Mientras observaba parada la vista tan hermosa como extraña, se percató de que se aproximaba hacia a ella un grupo conformado por las personas más raras que había visto jamás. No eran tan altos como los adultos que conocía, pero tampoco eran pequeños, parecían ser tan altos como ella, quien era alta para una niña de su edad, aunque parecían, a primera vista, ser mucho más grandes en edad que ella.
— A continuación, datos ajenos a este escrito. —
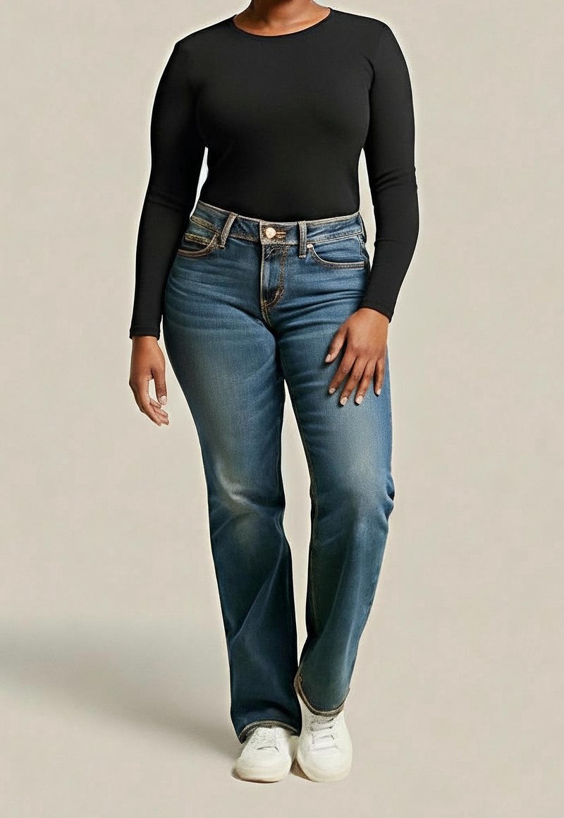 Personne portant un haut noir à manches longues, un jean bleu droit et des baskets blanches, debout devant un fond beige uni.
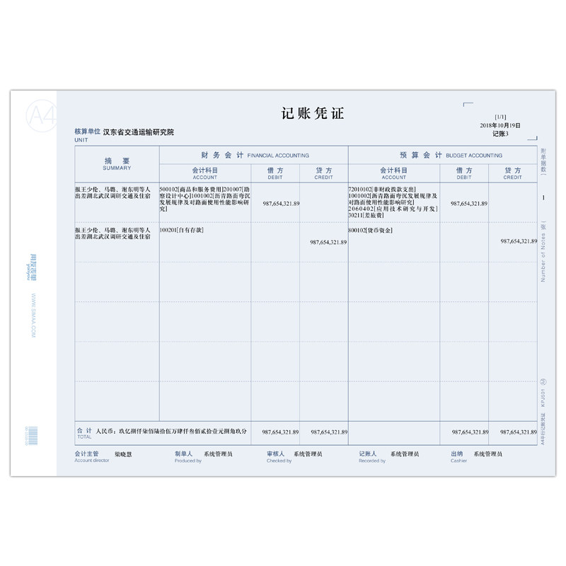 With Friend A4 Parallel Billing Voucher Paper Photocopy Paper New Version Financial Voucher Paper New Government Accounting System 2019 Use Friendly Government Special Laser Print A4 Size Horizontal version Sima Form

El grupo estaba conformado por dos hombres y una mujer, todos vestidos con ropa extraña. Llevaban unos sombreros redondos que tenían una punta alargada que se extendía hasta un pie por encima de sus cabezas y campanitas en las alas que tintineaba a cada paso que daban. Los sombreros de los hombres eran azules, mientras que el de la mujer era pequeño y blanco. La mujer vestía un vestido blanco que colgaba haciendo pliegues desde sus hombros, el vestido tenía estrellas que brillaban al sol como si se tratara de diamantes. Los hombres estaban vestidos del mismo tono de azul que sus sombreros y usaban botas bien lustradas que lucían un doblez de un azul más obscuro. Dorothy pensó que los hombres debían ser de la edad del tío Henry, pues dos de ellos tenían barba. Pero la mujercita era sin lugar a dudas mucho más grande, pues su cara estaba cubierta de arrugas, su cabello era casi blanco y caminaba con dificultad.
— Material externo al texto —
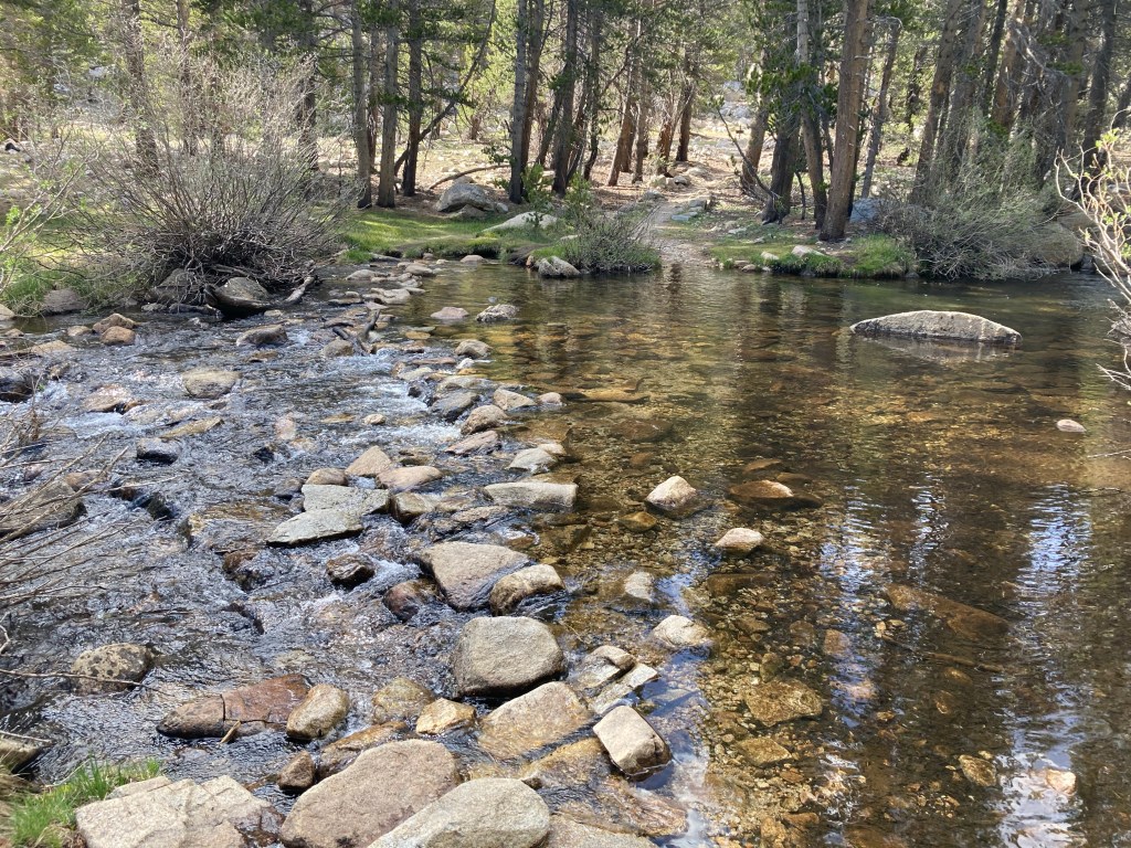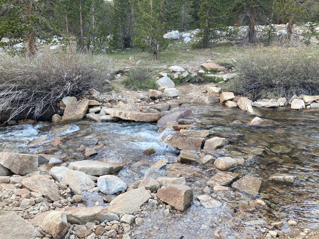 At first, I feel worn out and rusty. My body is like, “Excuse me? Do you not remember that you hiked to the top of the highest mountain in the lower 48 today?” But then something kicks in—the green tamale pie, probably—and I start feeling pretty great. We have a couple of short uphills, then down to Wallace Creek. This was a torrent in 2017, but today it’s an easy rock hop. The same goes for Wright Creek a bit later. It’s unbelievable to me how different the water and snow situation is compared to what I remember.
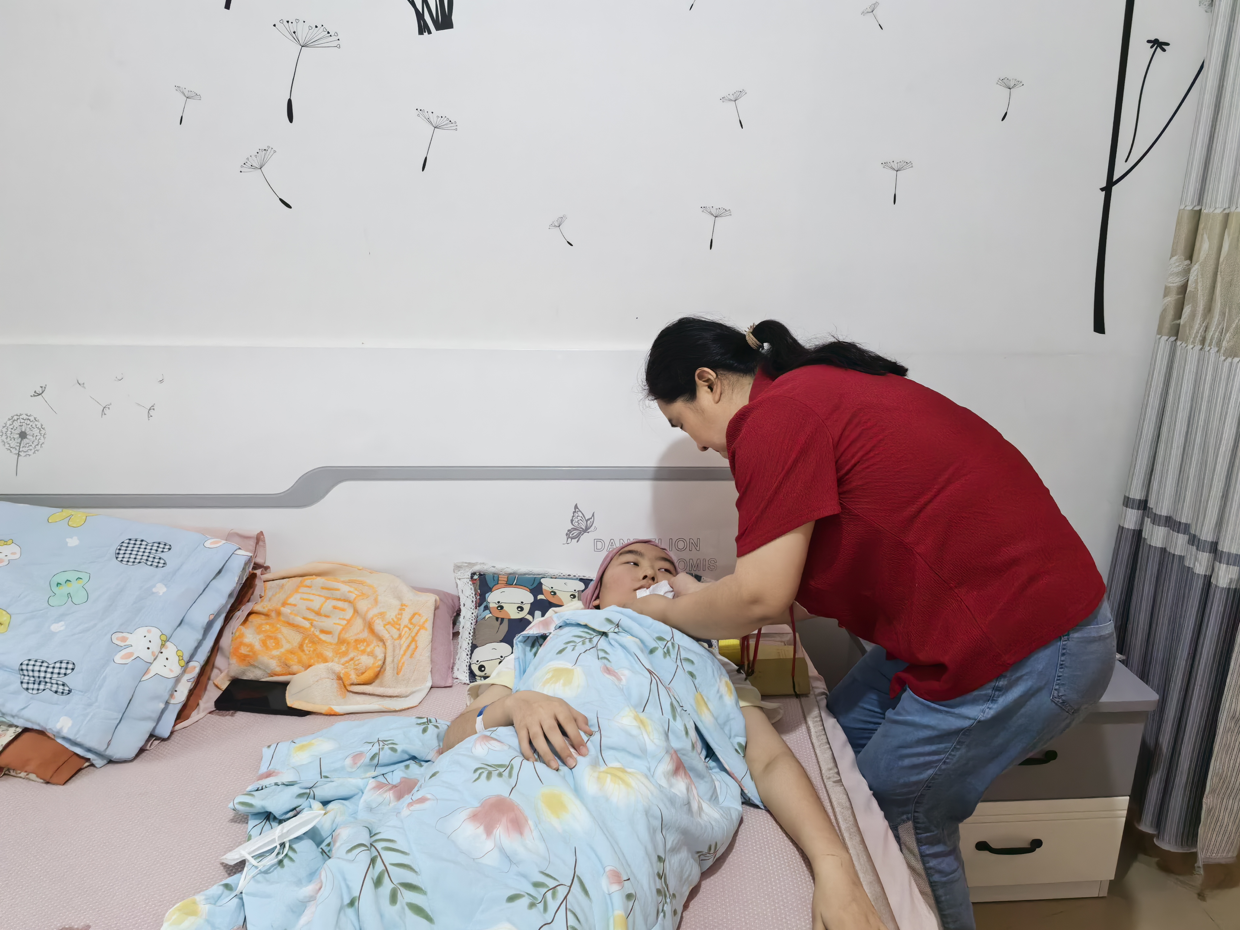 再次見到張奧盈,她的精神狀態和身體情況比上次好了很多,可以慢慢下床走動,但還是有無力和憋悶的感覺。

Cuando las personitas se acercaron a la casa de Dorothy desde cuya entrada ella los veía, se detuvieron a susurrar entre ellos como si tuvieran miedo de seguirse acercando. Pero la mujercita caminó hacia Dorothy, hizo una reverencia muy pronunciada y dijo con una voz muy dulce:
—Bienvenida seas, noble hechicera, a la tierra de los munchkins. Estamos profundamente agradecidos contigo por haber matado a la Bruja Malvada del Este y de esa manera haber liberado a nuestro pueblo de la esclavitud.
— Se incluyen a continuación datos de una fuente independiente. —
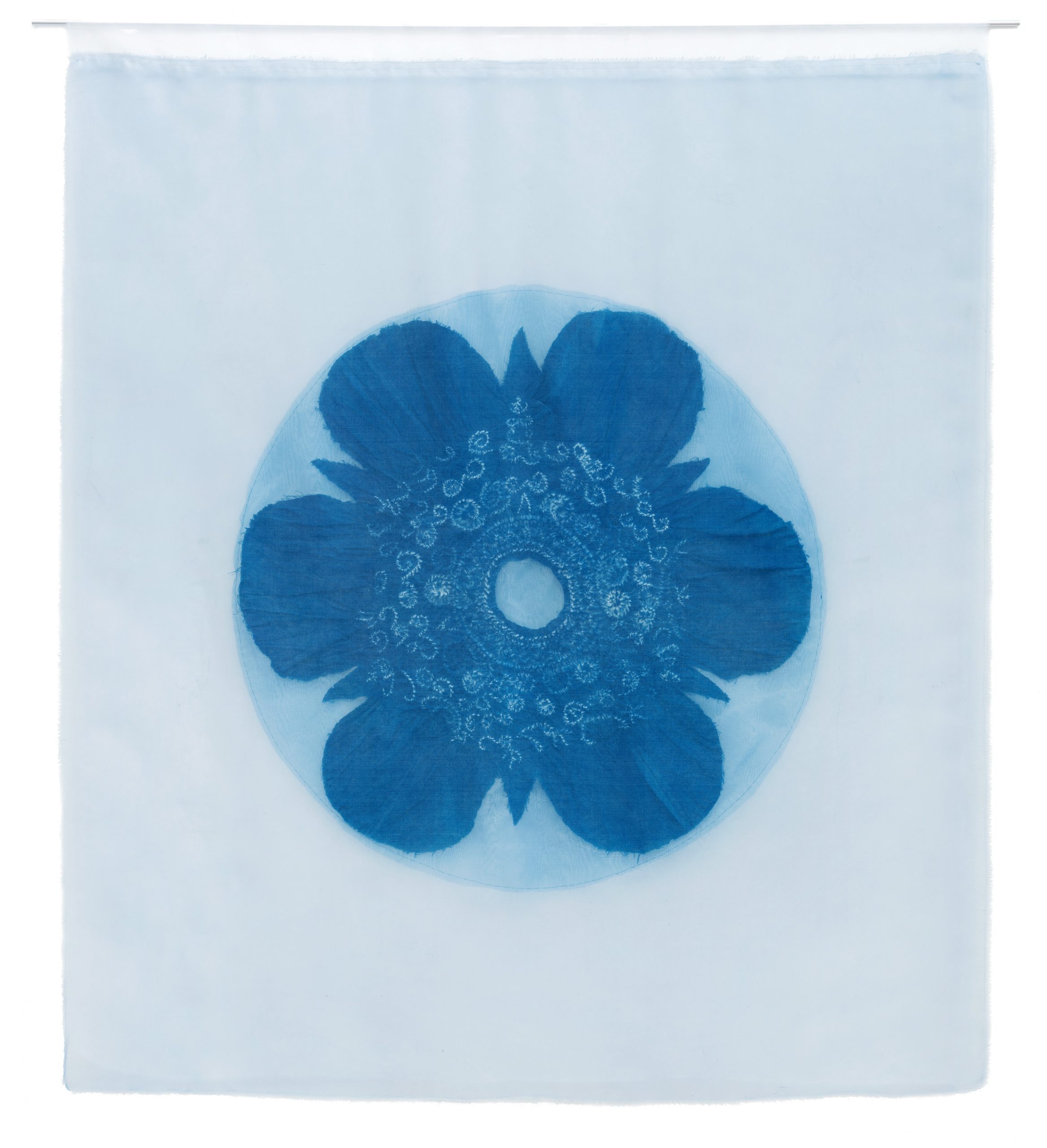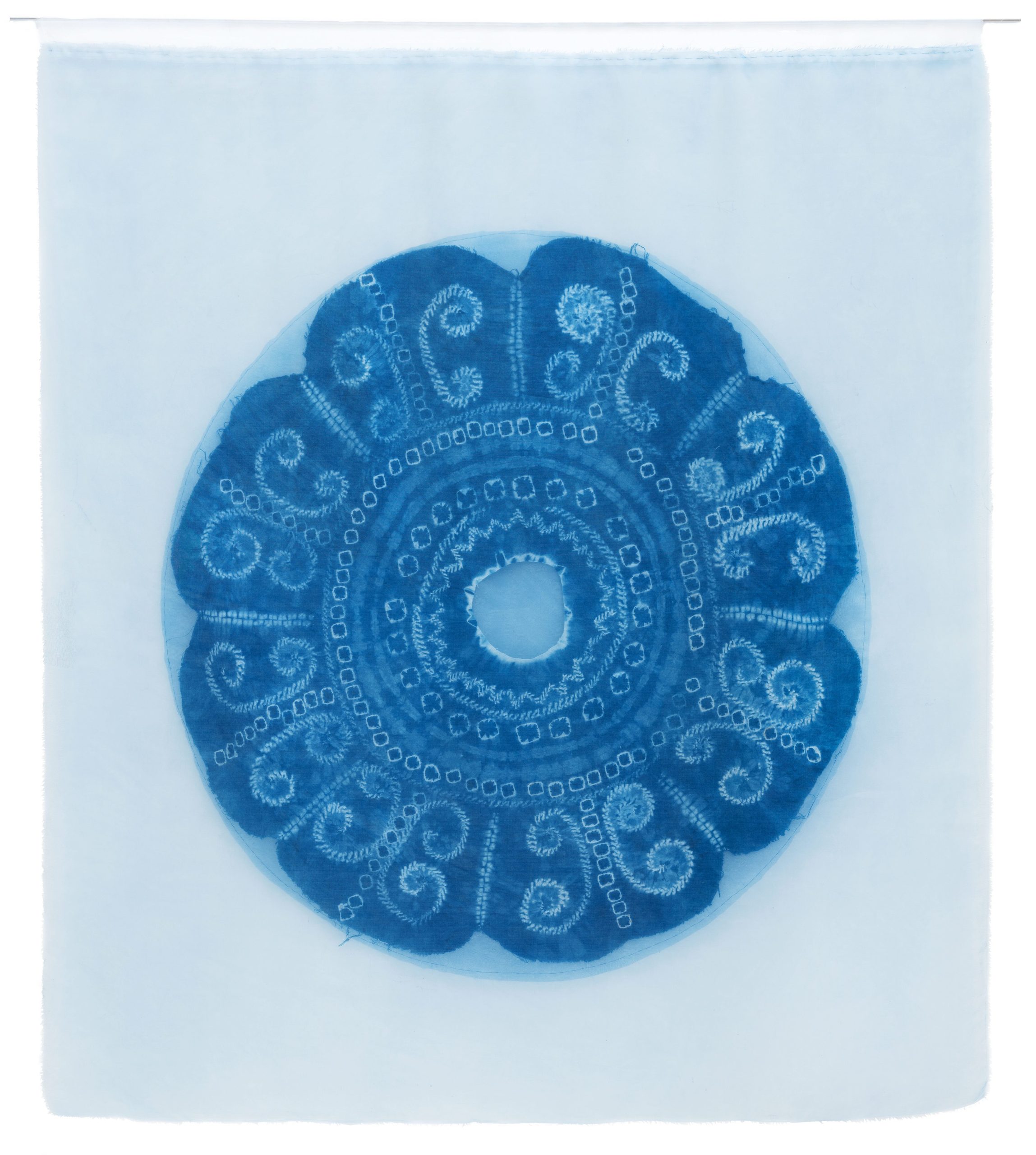 Indigo dyed panel made of silk organza, hand tied and stitched indigo-dyed cotton with hand-sewn thread markings and gold leaf. Each panel is supported by an aluminum rod suspended with microfilament. 50” x 54”

Dorothy escuchó maravillada el discurso. ¿Qué querría decir la ancianita al llamarla “hechicera” y al decir que ella había matado a la Bruja Malvada del Este? Dorothy era uno niña inocente e inofensiva que se encontraba a muchas millas de su hogar al haber sido arrastrada por un ciclón y nunca había matado a nada en toda su vida.
Pero la viejecita esperaba evidentemente una respuesta, así que Dorothy dijo sin dudar:
—Es usted muy amable, pero seguramente debe de haber un error, verá, no he matado a nadie.
—Pues si no fuiste tú, lo hizo tu casa —respondió la mujercita con una risa— y da lo mismo. ¡Mira! —continuó, señalando a la esquina de la casa— ahí están sus dos pies, asomándose desde ese bloque de madera.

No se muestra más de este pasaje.